Go through the data and report each line that holds the string "from".

*** INPUT

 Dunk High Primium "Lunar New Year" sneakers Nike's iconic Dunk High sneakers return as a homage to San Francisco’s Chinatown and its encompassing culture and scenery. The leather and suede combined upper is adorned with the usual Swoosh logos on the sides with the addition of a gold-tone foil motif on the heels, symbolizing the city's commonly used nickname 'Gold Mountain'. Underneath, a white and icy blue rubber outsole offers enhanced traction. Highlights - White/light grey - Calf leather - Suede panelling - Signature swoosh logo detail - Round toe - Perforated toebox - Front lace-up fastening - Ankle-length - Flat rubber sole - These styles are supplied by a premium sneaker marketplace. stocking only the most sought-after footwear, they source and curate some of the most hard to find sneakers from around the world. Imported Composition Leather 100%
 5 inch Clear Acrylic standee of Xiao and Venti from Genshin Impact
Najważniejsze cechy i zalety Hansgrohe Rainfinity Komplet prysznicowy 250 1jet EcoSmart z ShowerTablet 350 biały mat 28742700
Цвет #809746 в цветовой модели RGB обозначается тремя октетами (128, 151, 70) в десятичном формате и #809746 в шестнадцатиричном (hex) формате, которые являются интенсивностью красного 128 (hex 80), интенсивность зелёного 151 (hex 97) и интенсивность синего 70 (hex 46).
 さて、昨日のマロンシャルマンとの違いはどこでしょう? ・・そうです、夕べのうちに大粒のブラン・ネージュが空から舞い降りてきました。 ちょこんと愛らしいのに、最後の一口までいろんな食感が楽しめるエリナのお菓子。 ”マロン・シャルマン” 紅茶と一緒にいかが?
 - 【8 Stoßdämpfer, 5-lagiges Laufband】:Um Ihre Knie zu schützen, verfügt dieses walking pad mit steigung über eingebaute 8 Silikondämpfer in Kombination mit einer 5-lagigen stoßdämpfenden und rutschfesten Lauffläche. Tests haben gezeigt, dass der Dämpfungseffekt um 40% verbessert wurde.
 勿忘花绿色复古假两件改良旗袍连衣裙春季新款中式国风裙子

******

EXPECTED ANSWER.
 Dunk High Primium "Lunar New Year" sneakers Nike's iconic Dunk High sneakers return as a homage to San Francisco’s Chinatown and its encompassing culture and scenery. The leather and suede combined upper is adorned with the usual Swoosh logos on the sides with the addition of a gold-tone foil motif on the heels, symbolizing the city's commonly used nickname 'Gold Mountain'. Underneath, a white and icy blue rubber outsole offers enhanced traction. Highlights - White/light grey - Calf leather - Suede panelling - Signature swoosh logo detail - Round toe - Perforated toebox - Front lace-up fastening - Ankle-length - Flat rubber sole - These styles are supplied by a premium sneaker marketplace. stocking only the most sought-after footwear, they source and curate some of the most hard to find sneakers from around the world. Imported Composition Leather 100%
 5 inch Clear Acrylic standee of Xiao and Venti from Genshin Impact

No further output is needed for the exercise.